Key pattern Writer When
kb/<DATE>/kb.duckdb + kb/latest/kb.duckdb daily_sync.sh (aws s3 cp) 7am daily
state/<DATE>/{completion_log,applied,dismissed,watches}.{jsonl,yaml} + state/latest/... daily_sync.sh (aws s3 cp) 7am daily
healthdata/<DATE>/garmin_activities.db daily_sync.sh (rclone) 7am Sunday only
state/cache/yesterday.json + state/cache/query_cache.json scripts/cache_for_worker.py (rclone) 7am daily, after worker-log merge
state/<date>/completion_log_worker_<msgId>.jsonl Worker (R2 API) per check-in reply
state/<date>/corrections_<msgId>.jsonl Worker (R2 API) per correction reply

Who reads what

Reader Keys Purpose
Worker state/cache/yesterday.json, state/cache/query_cache.json morning summary + Q&A
Worker state/latest/completion_log.jsonl detect already-logged kinds (skip asking about them at 8pm)
daily_sync.sh state/*/completion_log_worker_*.jsonl merge into local completion_log.jsonl
daily_sync.sh state/*/corrections_*.jsonl merge into local corrections.jsonl
Casey (manual recovery) kb/latest/kb.duckdb, state/latest/* restore after laptop crash

Why per-source files

Per-reply files (completion_log_worker_<msgId>.jsonl) avoid GET-modify-PUT race conditions. If the Worker tried to read the canonical log, append, and write, two concurrent webhooks would clobber each other. Per-message-id files mean the path itself is the unique key; merge happens later, on the laptop, where there's only one writer.
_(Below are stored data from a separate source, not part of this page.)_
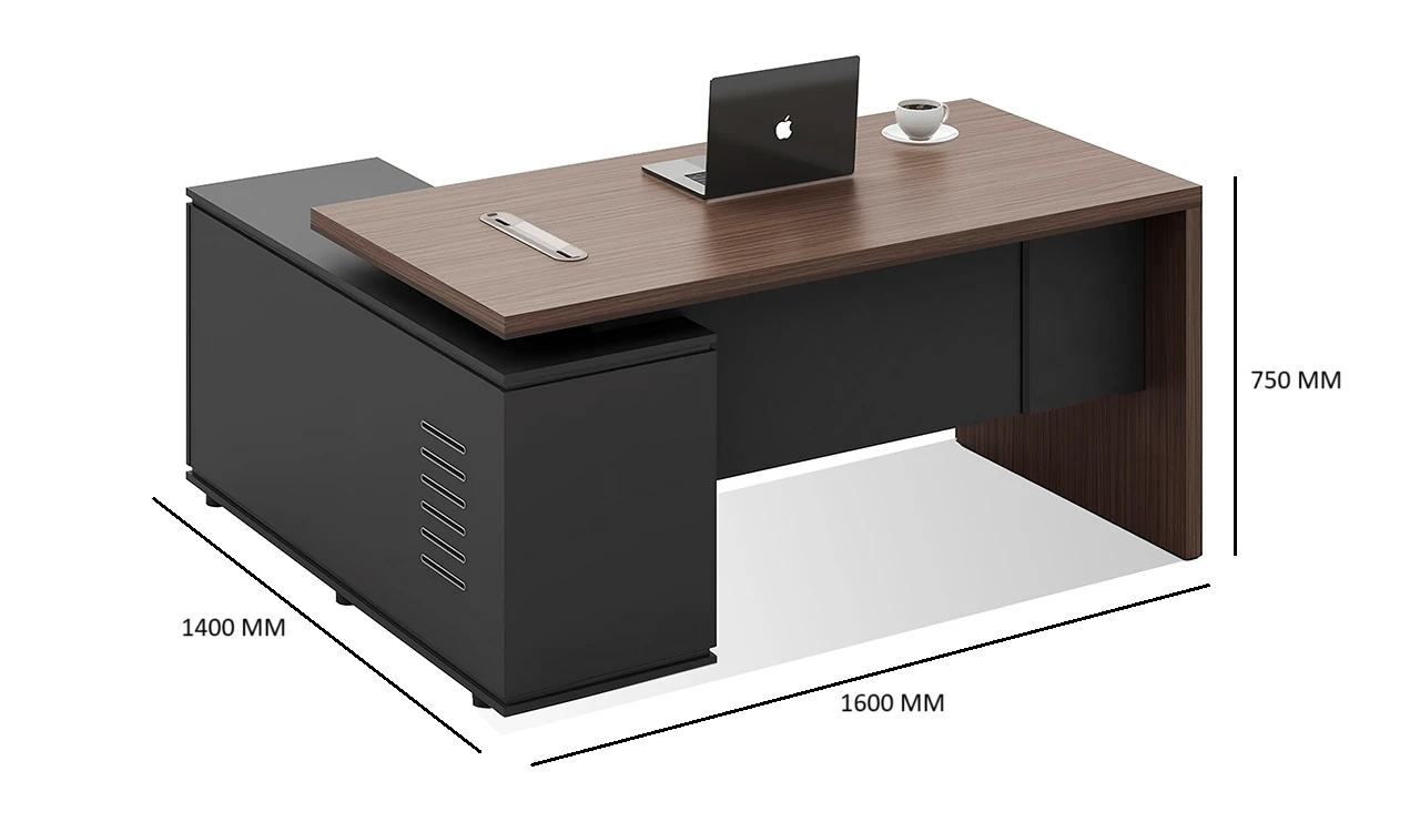 Part of the Vistra series this elegant 5 feet width office desk comes with side cabinet. It is best suited for large cabins of 100 sft and upward.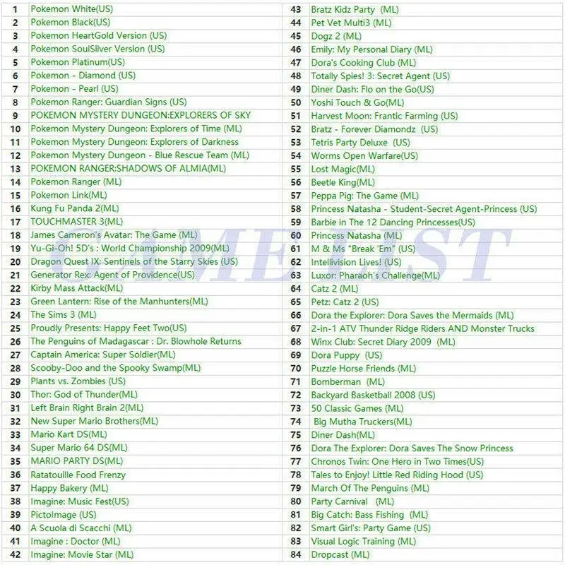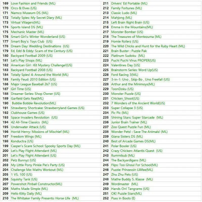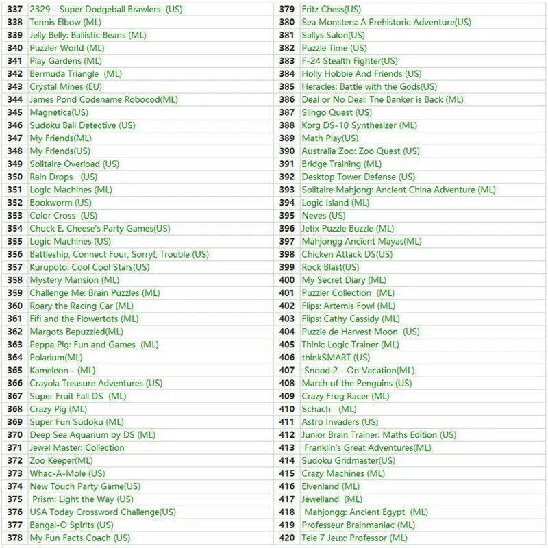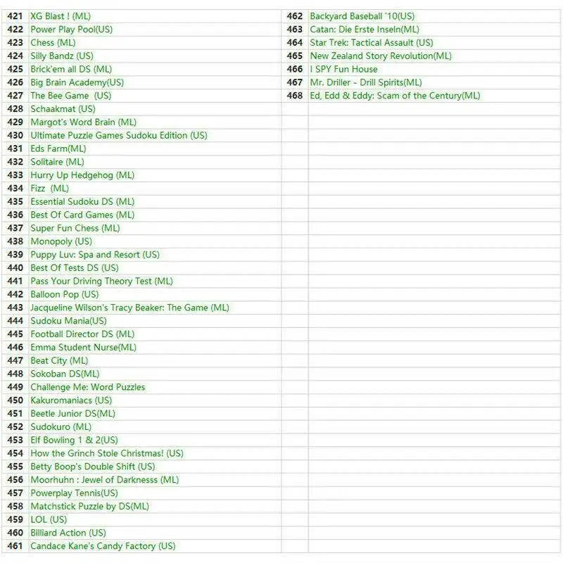 Компиляция видеоигр 468 в 1 для консоли DS/3DS/2DS, поддержка консоли ниже 11,4 DS, кроме консоли 2DS, требуется версия ниже 10,0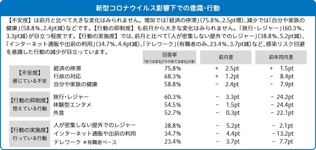 【調査前の状況】6月の新規感染者数は月初から減少傾向を続け、全国で1日1万人、東京都で1千人を下回る日もみられるようになりました。感染の沈静化傾向を受け、インバウンドの受け入れ再開や、旅行費用を支援する「県民割」の地域拡大方針が発表されるなど、政府も社会活動の活性化に動き始めました。ところが6月末になると感染者数は下げ止まり、増加に転じました。記録的に短い6月中の梅雨明けと猛暑、及び物価高の報道に加え、再びコロナ感染の拡大の兆しが見え始めた段階での調査です。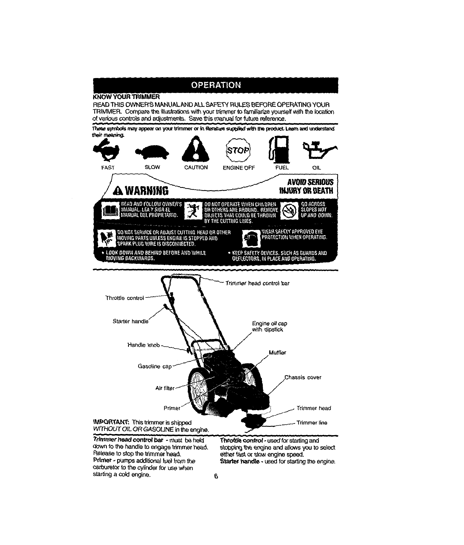 _, WARNING: This trimmer is equipped with an internal combustion engine and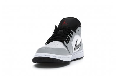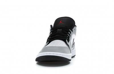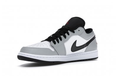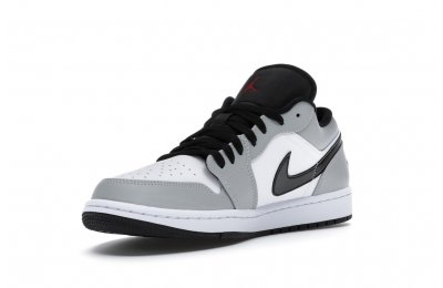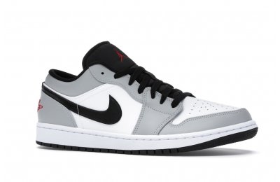 The Air Jordan 1 Low Light Smoke Grey features a white leather upper, overlaid with grey at the heel and toe. Black laces, liners, and Swooshes give these kicks a distinct look, as do the outsole, collar, and tongue. Hits of red, black, and white are prominent in the design’s accompanying details. A white midsole and black outsole completes this retro design.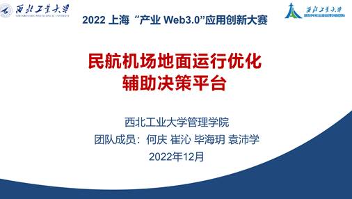 获得企业赛道“航运科技”奖和雏鹰成长组二等奖的“做的都对”团队由小奶猫直播 的四位研究生构成,团队基于Web 3.0数字孪生、区块链技术的框架,进行算法研究实现了飞行器停机坪分配、地勤车辆作业调度以及飞行器与车辆的路径优化;并开发了民航机场地面运行优化辅助决策平台,实时地可视化展示机场地面状况及决策结果。实现了物理空间和虚拟空间的实时交互,有效解决了机场高峰时期地面运行管理的相关问题。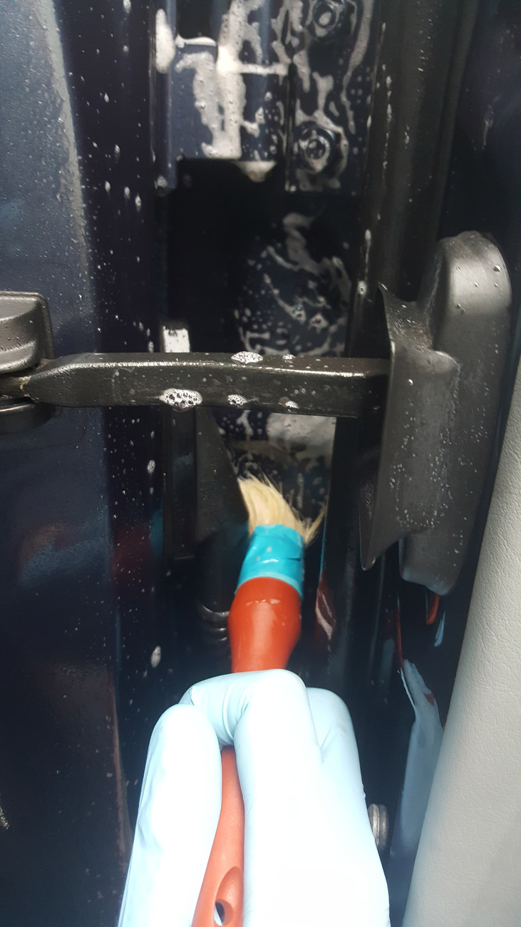 Čištění mezidveřních prostorů a pantů pomocí štětce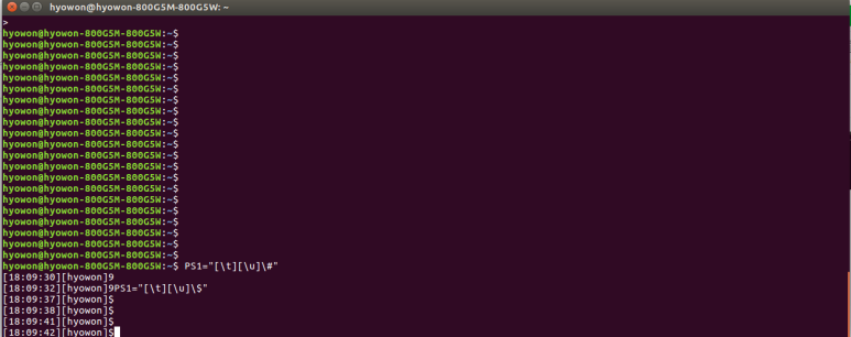 그리고 사용자가 프롬프트 형식을 변경을 하고 싶으면 아래 그림과 같이 PS1이나 PS2 변수에 바꿀 형식을 입력하면 바뀌게 됩니다. 예로 프롬프트 형식을 현재시간:사용자이름 형식으로 변경해 보겠습니다.

Same pattern for corrections.

Tools

# List a prefix:
rclone ls r2:garmin-warehouse-data/state/

# Read a file:
rclone cat r2:garmin-warehouse-data/state/cache/yesterday.json

# Upload a file:
rclone copy local/file.txt r2:garmin-warehouse-data/path/

# Upload from stdin (used by cache_for_worker.py):
echo "content" | rclone rcat r2:garmin-warehouse-data/path/key.txt

For files >100MB, ALWAYS use rclone, not aws s3 cp. See ADR 001.

Lifecycle / retention

No lifecycle rules configured yet. Cost is ~$0/mo at this scale, so retention is currently "forever." If costs grow, add a rule like:

  • kb/<DATE>/ (not latest/): expire after 30d
  • healthdata/<DATE>/: expire after 4 weeks (keep 4 Sunday snapshots)
  • state/<DATE>/: expire after 90d
  • state/<date>/{completion_log_worker,corrections}_*.jsonl: expire after 7d (laptop has merged them by then)